Start of Block

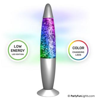 - Diese Glitter Lamp hat 9 farbwechselnde LEDs und ist insgesamt 34 cm hoch.
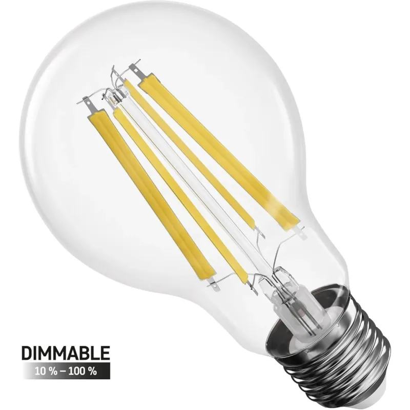 Ця лампа поєднує енергоефективність світлодіодної технології з функцією диммування. Потужність 11 Вт замінює традиційну лампу 75-100 Вт, забезпечуючи яскравий потік 1521 лм. Температура 2700K створює тепле, приємне для очей світло, а можливість регулювання яскравості дозволяє адаптувати освітлення під будь-яку ситуацію — від яскравого робочого світла до романтичного приглушеного освітлення.
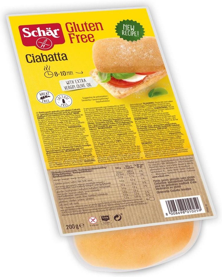 Opis produktu Dieta bezglutenowa polega na bezwzględnej eliminacji z pożywienia produktów zawierających w składzie gluten. Gluten z natury występuje w: pszenicy, życie, jęczmieniu, owsie, orkiszu i pszenżycie. Dopuszczalna ilość glutenu w produkcie poniżej 20 ppm = 0,02%, co muszą potwierdzić badania w akredytowanym laboratorium. Firma Schar jest numerem 1 w Europie w produkcji bezglutenowej mąki, chleba, makaronów, przekąsek, ciastek i słodyczy. Ciabata to bezglutenowy produkt. Smaczna ciabata w 100% odzwierciedla smak tradycyjnego pieczywa. Wartość odżywcza w 100 g produltu Wartość energetyczna (kj/kcal) 1019/241 Tłuszcz 3 w tym kwasy tłuszczowe nasycone 0.5 Węglowodany 46 w tym cukry 2.7 Białko 3.9 Sól 1.1 Błonnik 7.4 Skład Skrobia kukurydziana, woda, mąka kukurydziana, włókno roślinne (psyllium), mąka ryżowa, dekstroza, substancja zagęszczająca: hydroksypropylometyloceluloza ; białko sojowe, olej słonecznikowy, drożdże, sól, środek zakwaszający: kwas winowy, kwas cytrynowy . Produkt nie zawiera substancji słodzących Warunki przechowywania Przechowywać w suchym i chłodnym miejscu. Gwarantowany termin przydatności: 83 dni Informacje alergenne Alergeny obecne w zakładzie: sezam, laktoza, łubin, soja, dwutlenek siarki, jaja, orzechy arachidowe
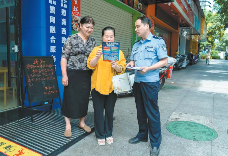 “攀哥的店”虽店面不大,但装修色彩鲜艳,功能一应俱全。店内设有便民服务区、24小时巡警驻守区、心理疏导区和安防器材展示区,为居民提供警务、消防、法律、网络安全等咨询与科普服务,实现“警消安”联动,构建起全方位的安全守护体系。在这里,群众可以找到社区网格员、民警、消防员、人民调解员等基层工作人员,解决各种生活小困难。
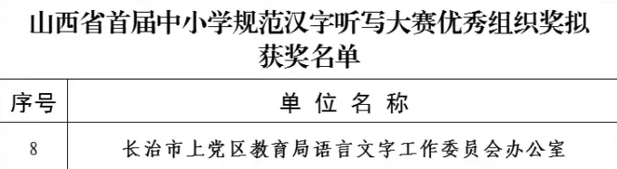 12月8日,省教育厅公示山西省首届中小学规范汉字听写大赛拟获奖名单。本次大赛设小学低年级组(1至3年级)、小学高年级组(4至6年级)和初中组三个组别,共评选出团体一等奖6个、二等奖9个、三等奖18个。
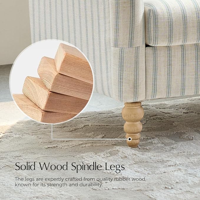 - Solid Wood Spindle Legs: Expertly crafted from premium rubberwood, the loveseat’s gourd-shaped legs blend rustic charm with modern durability. Designed to anchor your living room, bedroom, or home office, this sofa offers a distinctive farmhouse aesthetic while resisting daily wear.
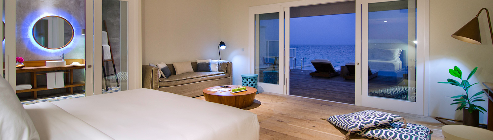 無論您是家庭出游或與朋友們享受絕美的假期,具有現(xiàn)代風(fēng)格的雙臥室海洋水上屋都是理想之選。雙臥室海洋水上屋是絕佳的位置,可俯瞰醉人的礁湖和青綠色的印度洋美景,讓您完全沉醉于馬爾代夫的寧靜。其設(shè)計富有現(xiàn)代感且時髦,內(nèi)設(shè)空調(diào),兩間臥室均配有獨立的浴室,私人的露臺可讓您呼吸著清新的空氣享用美食,還有一個私密的淡水泳池,可以直接通達大海。

End of Block

Task item: Reproduce the entries above without change, omitting all pictures.

Problem solution:
 - Diese Glitter Lamp hat 9 farbwechselnde LEDs und ist insgesamt 34 cm hoch.
 Ця лампа поєднує енергоефективність світлодіодної технології з функцією диммування. Потужність 11 Вт замінює традиційну лампу 75-100 Вт, забезпечуючи яскравий потік 1521 лм. Температура 2700K створює тепле, приємне для очей світло, а можливість регулювання яскравості дозволяє адаптувати освітлення під будь-яку ситуацію — від яскравого робочого світла до романтичного приглушеного освітлення.
 Opis produktu Dieta bezglutenowa polega na bezwzględnej eliminacji z pożywienia produktów zawierających w składzie gluten. Gluten z natury występuje w: pszenicy, życie, jęczmieniu, owsie, orkiszu i pszenżycie. Dopuszczalna ilość glutenu w produkcie poniżej 20 ppm = 0,02%, co muszą potwierdzić badania w akredytowanym laboratorium. Firma Schar jest numerem 1 w Europie w produkcji bezglutenowej mąki, chleba, makaronów, przekąsek, ciastek i słodyczy. Ciabata to bezglutenowy produkt. Smaczna ciabata w 100% odzwierciedla smak tradycyjnego pieczywa. Wartość odżywcza w 100 g produltu Wartość energetyczna (kj/kcal) 1019/241 Tłuszcz 3 w tym kwasy tłuszczowe nasycone 0.5 Węglowodany 46 w tym cukry 2.7 Białko 3.9 Sól 1.1 Błonnik 7.4 Skład Skrobia kukurydziana, woda, mąka kukurydziana, włókno roślinne (psyllium), mąka ryżowa, dekstroza, substancja zagęszczająca: hydroksypropylometyloceluloza ; białko sojowe, olej słonecznikowy, drożdże, sól, środek zakwaszający: kwas winowy, kwas cytrynowy . Produkt nie zawiera substancji słodzących Warunki przechowywania Przechowywać w suchym i chłodnym miejscu. Gwarantowany termin przydatności: 83 dni Informacje alergenne Alergeny obecne w zakładzie: sezam, laktoza, łubin, soja, dwutlenek siarki, jaja, orzechy arachidowe
 “攀哥的店”虽店面不大,但装修色彩鲜艳,功能一应俱全。店内设有便民服务区、24小时巡警驻守区、心理疏导区和安防器材展示区,为居民提供警务、消防、法律、网络安全等咨询与科普服务,实现“警消安”联动,构建起全方位的安全守护体系。在这里,群众可以找到社区网格员、民警、消防员、人民调解员等基层工作人员,解决各种生活小困难。
 12月8日,省教育厅公示山西省首届中小学规范汉字听写大赛拟获奖名单。本次大赛设小学低年级组(1至3年级)、小学高年级组(4至6年级)和初中组三个组别,共评选出团体一等奖6个、二等奖9个、三等奖18个。
 - Solid Wood Spindle Legs: Expertly crafted from premium rubberwood, the loveseat’s gourd-shaped legs blend rustic charm with modern durability. Designed to anchor your living room, bedroom, or home office, this sofa offers a distinctive farmhouse aesthetic while resisting daily wear.
 無論您是家庭出游或與朋友們享受絕美的假期,具有現(xiàn)代風(fēng)格的雙臥室海洋水上屋都是理想之選。雙臥室海洋水上屋是絕佳的位置,可俯瞰醉人的礁湖和青綠色的印度洋美景,讓您完全沉醉于馬爾代夫的寧靜。其設(shè)計富有現(xiàn)代感且時髦,內(nèi)設(shè)空調(diào),兩間臥室均配有獨立的浴室,私人的露臺可讓您呼吸著清新的空氣享用美食,還有一個私密的淡水泳池,可以直接通達大海。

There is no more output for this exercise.